At about 11.30am this morning Sol Trujillo was telling around 500 of the nation’s top analysts and journalists about the virtues of the Next-G network when he got an unexpected spray.

A sprinkler system at the glass-fronted overseas passenger terminal at Circular Quay sprang to life unexpectedly, drenching the stage and the first few rows of attendees.

Some journalists at the briefing claim that the pugnacious Telstra CEO was drenched. Others say their colleagues are guilty of wishful thinking and he was actually spared the worst of it. Either way the room ended up stinking from the sprinkler bore water, the audience got a bucketing, and the discussion came to a damp end.

According to the ABC Trujllo had earlier been warming to a discussion of the virtues of a $1 billion Next-G wireless broadband network that he said would make the company a world leader and would reach 98% of all Australians.

“This is the day, the sixth of October, 2006, that life in Australia will be changed forever,” he said. “It’s going to be changed by a new nation-wide, high-speed, broadband, wireless network.”
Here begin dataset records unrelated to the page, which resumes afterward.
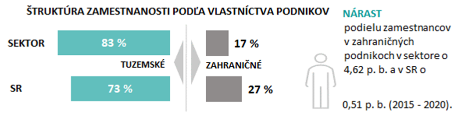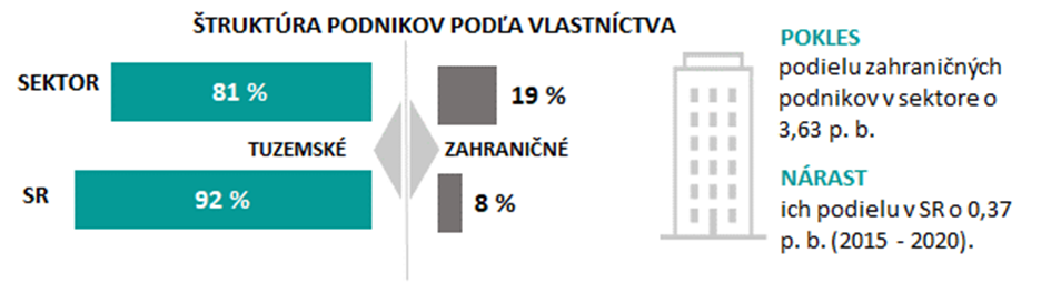 V sektore dominujú tuzemské podniky s 81 %-ným zastúpením a 83 %-ným podielom na zamestnanosti sektora. V sektore tak pracuje menšia časť zamestnancov v zahraničných podnikoch ako v slovenských podnikoch.  V porovnaní s rokom 2015 klesol podiel zahraničných podnikov v sektore  o 3,6 p. b. a záujem zahraničných investorov klesá.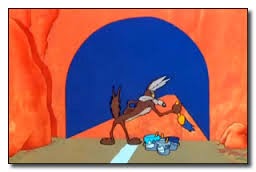 Fictional Tromp-l’oeil appears in many Looney tunes, such as the Road Runner cartoons, where, for example, Wile E. Coyote paints a tunnel. This is usually followed by the Coyote’s foolishly trying to run through the tunnel after the Road Runner, only to smash into the hard rock face.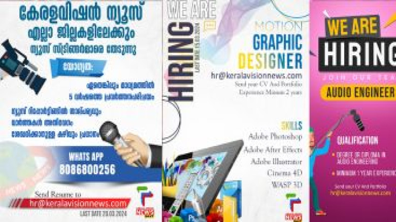 കേരളവിഷൻ ന്യൂസ് ചാനലിൽ ജോലി അവസരങ്ങൾ; വിവിധ വിഭാഗങ...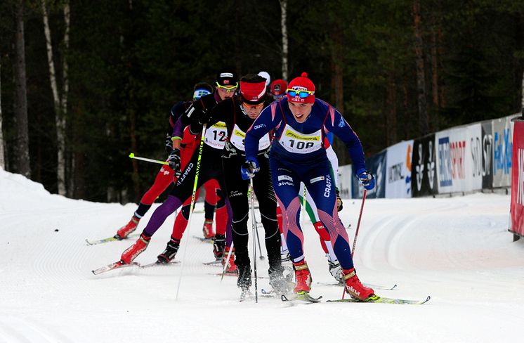 Här leder IFK Mora SK:s Calle Halfvarsson tätklungan. Calle slutade tvåa efter segraren Ted Armgren från Vilhelmina IK.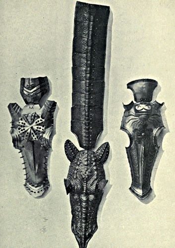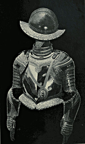 A second example of armour of Spanish make is given in Plate XXXVI.*; it was fabricated at Pamplona for the Duke of Savoy in 1620, and is decidedly an improvement upon the suit shown in Plate XIX.*, p. 212, which came from the same locality. It is worthy of remark that Spain, with all its vast resources of the finest iron ores in the world, did not become a centre for arms and armour. She was undoubtedly able to supply her own requirements, and in the wars against the Moors these were of no mean order, but no distinct Spanish “School” was evolved similar to the German or Italian. The excellent quality of her swords attained world-wide reputation, and the blades of Toledo, Bilbao, and Seville are justly famous. No town in France achieved special success in armour or arms, although many were active in the production. Burgundy was chiefly noted for its eccentricities, the breastplate illustrated in Fig. 445 furnishing an example, though many inventions, such as the burgonet, emanated from that warlike district, whi[Pg 359]le its hand-gun men of the fifteenth century were the best in the world. Holland and Belgium have always enjoyed a reputation for arms, and Netherlandish weapons and defences were in great demand. The overwhelming superiority of Italian products must not be ascribed solely to one town, Milan, for many others were famous, such as Pisa, Verona, Lucca, Mantua, and Brescia, while Florence became a serious rival to Milan in the latter part of the sixteenth century. In Germany, Augsburg and Nuremberg probably were the most renowned for armour, but Cologne bore pre-eminence for weapons.

Mr Trujillo says the Next G network has a geographical reach that is 100 times greater than any other competitors. “Telstra’s new Next G network will reach around 98% of all Australians,” he said. “It’s going to create new experiences for just about everything that we think about doing in our everyday lives.”

The briefing about the technology that will change Australian life forever has been moved the Hilton and will continue this afternoon.

As for the technology that stopped Trujillo in his tracks, the suspected culprit is a light that was set up too close to a heat sensor.